Jet crunches his grass stalk between the teeth at the side of his mouth; spits expertly. He hooks an arm around the boy’s shoulders and gestures expansively upwards, into the
streaks and skirls of red leaves.

“Well, kiddo? What’s the verdict?”

The kid looks up at him, white snot ringing each nostril, long dusty hair in his eyes.

“It’s a very nice place,” the kid says politely.

Jet puffs out a breath, hoicks a rope down from the branches above. All the little ties on the kid’s robe are still done up, all the way up to his neck; he isn’t even very thin, even though Jet won him over with a bowl of noodles.

“Well,” he says conversationally, “you ain’t seen nothing yet.”

He grabs the kid in one arm, the rope in the other, and they shoot up through the branches.

 

Smellerbee crouches on the walkway waiting for him. She pats the kid down, not unkindly, puts him to one side.

“Come on,” she says, “you gotta see this.”

Beside her, Longshot inclines his head.

“It’s very nice up here,” the kid says.

“Fine, fine,” says Jet. He slaps the kid between the shoulder blades. “You’ll get the grand tour later on, kiddo.”

They whip through the treetops, red light around them. He hears it before he sees them, the neat sound of men marching in step down the dry dirt road. Rows of grey smoke rise from the town into the sky; a short trench is being dug outside the walls. Jet curves himself over on his branch, grinning around his grass.
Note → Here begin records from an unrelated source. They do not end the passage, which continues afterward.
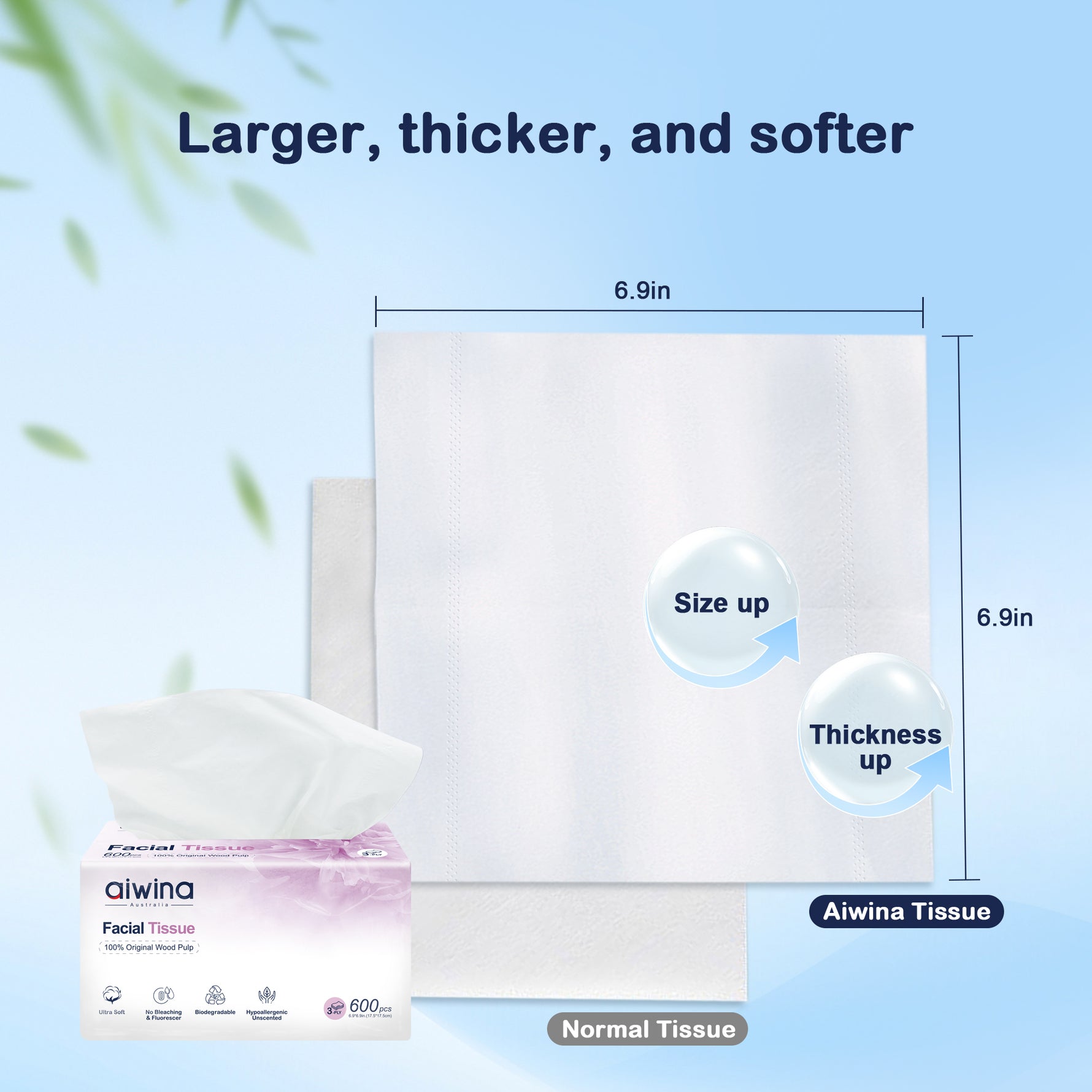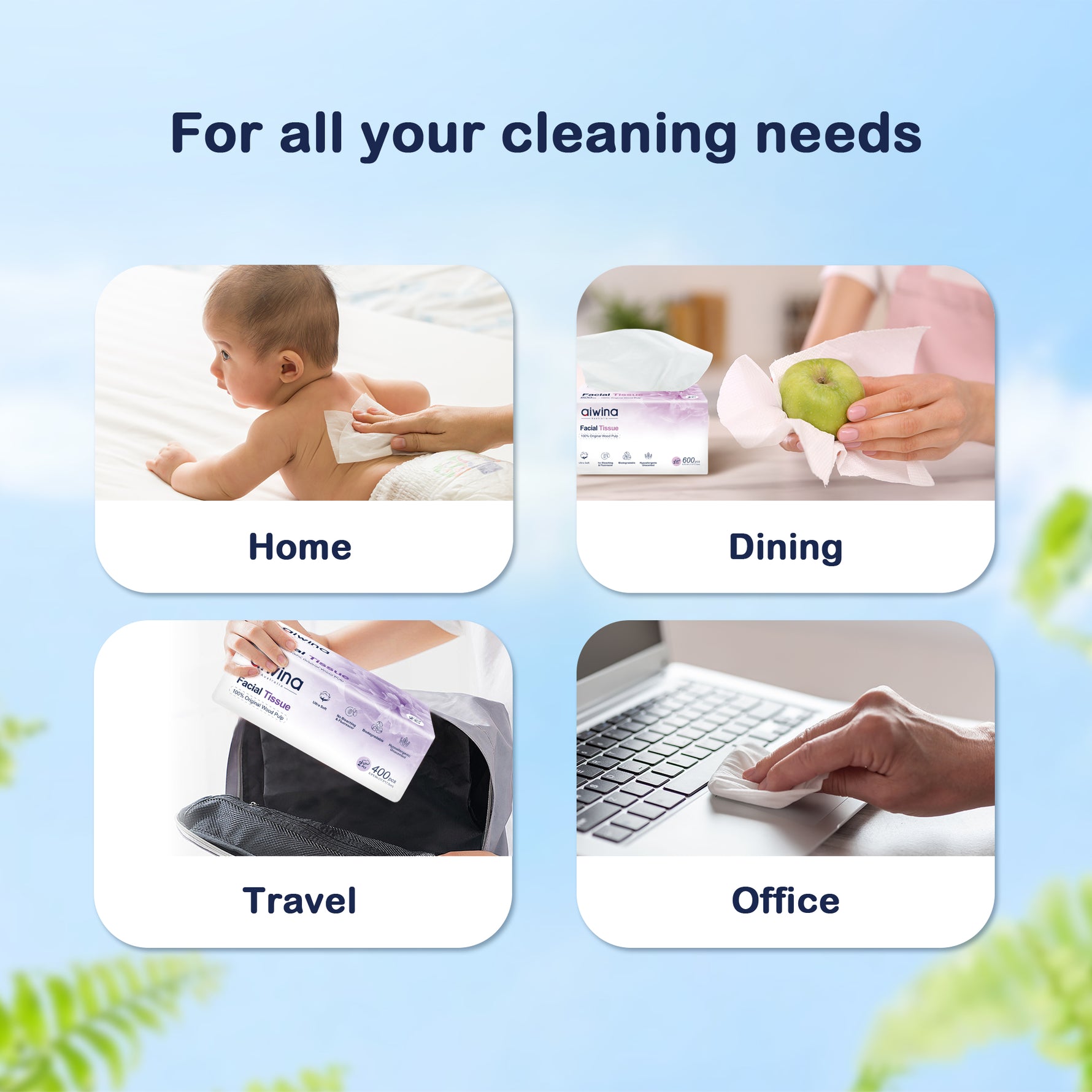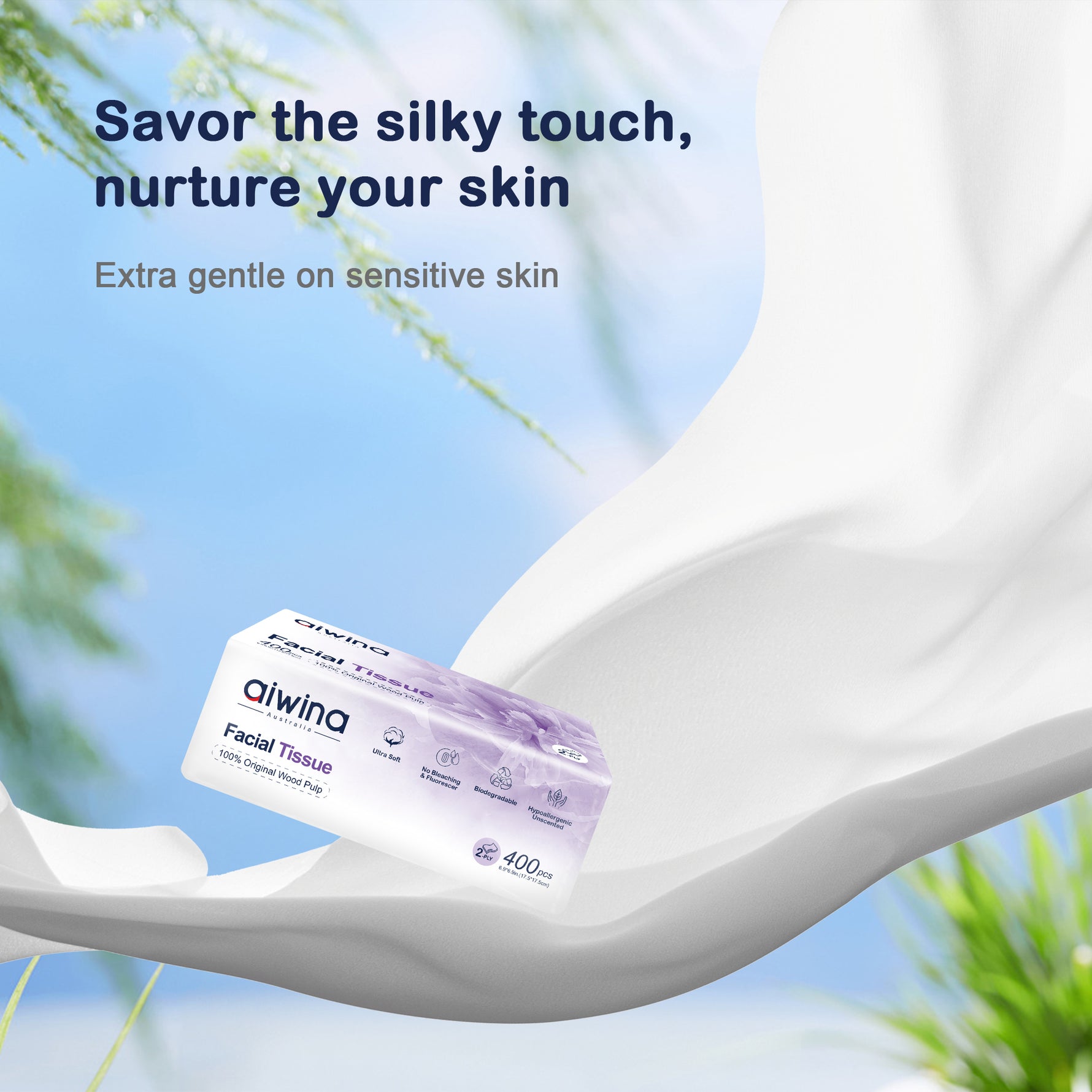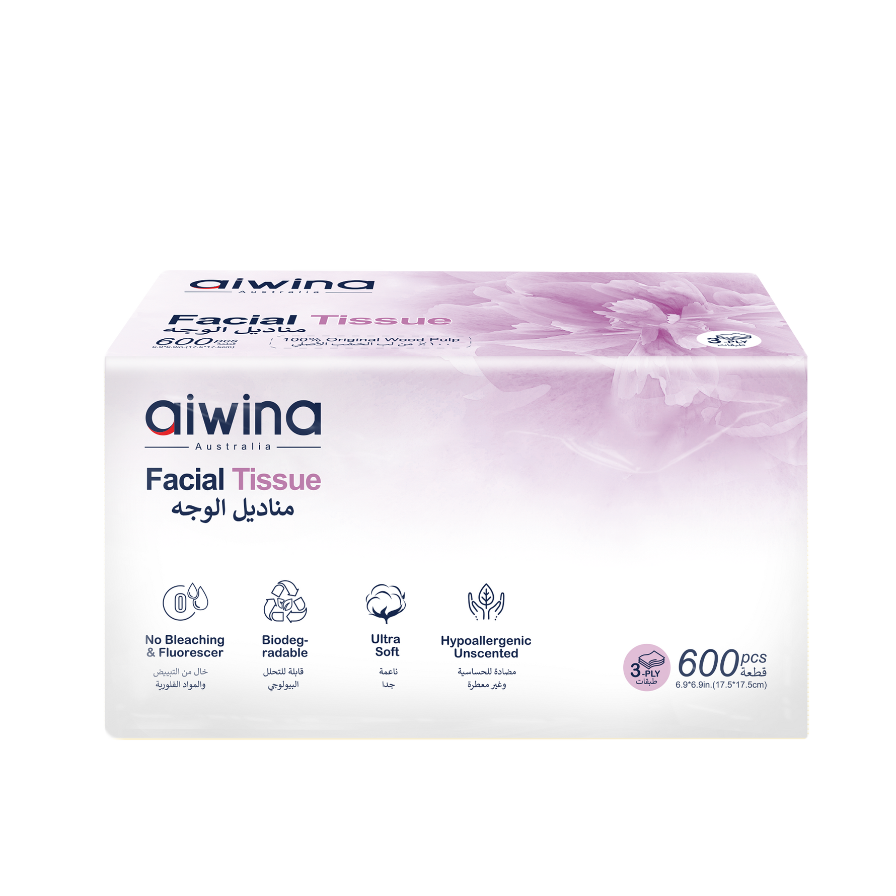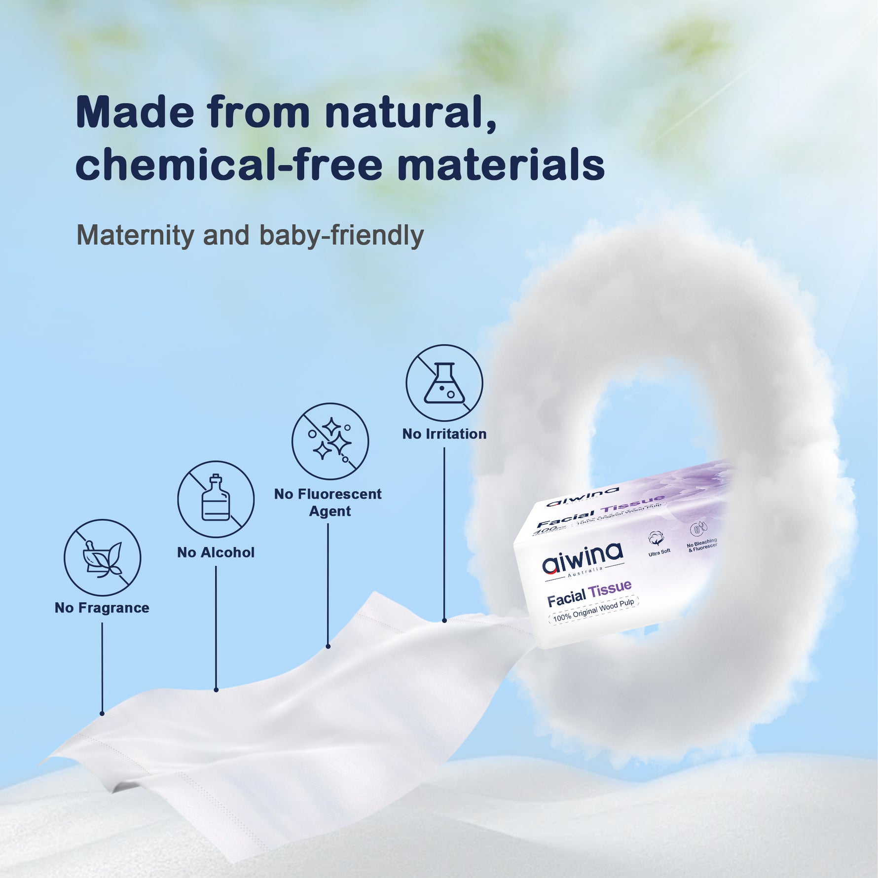مناديل الوجه ايوينا مصنوعة من لب الخشب الطبيعي بنسبة 100٪، مما يجعلها طبيعية وسميكة وصديقة للبشرة. المناديل فائقة النعومة، قابلة للتحلل الحيوي، ومضادة للحساسية وخالية من العطور، ولا تحتوي على مواد تبييض أو مواد فلورية. توفر ملمسًا حريريًا، وتكون لطيفة جدا على البشرة الحساسة. تتميز بتقنية الطبقات المتعددة السميكة، مما يجعلها قوية ومتينة، ولا تتعرض للتمزق بسهولة مع امتصاص إضافي. مصنوعة من ألياف طويلة وقصيرة معًا، لتعزيز المتانة وضمان نعومة وقوة مثالية.
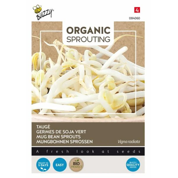 Taugé kan het hele jaar door gekweekt worden als spruitgroente in een sprouting pot. Je hebt er geen tuin voor nodig, geen groene vingers en je hebt snel resultaat! Strooi een lepel zaad in de kweekpot, voeg ruim lauw water toe en draai het deksel erop. Giet het overtollige water af. Zet de kweekpotten in het afdruiprek bij een temperatuur van ca. 20°C. Spoel 2 à 3 keer per dag en na ongeveer 6 dagen is de taugé klaar voor consumptie.
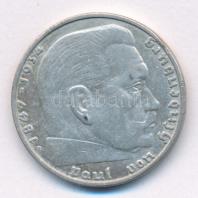 German Third Reich 1938B 2 Mark Ag "Hindenburg" C:XF,VF patina, edge error, scratch

“Well, well,” he says. “Now they’re in our back yard.”

 

They come back to the camp in the trees; the kid is where they left him, sitting with his hands together in his lap.

“Come on, kiddo.” Jet swings himself up beside him, takes out his knife.

“Gotta look sharp to be a freedom fighter.”

He saws away at the boy’s hair, the strands falling out into the air, drifting like sugar in warm red water.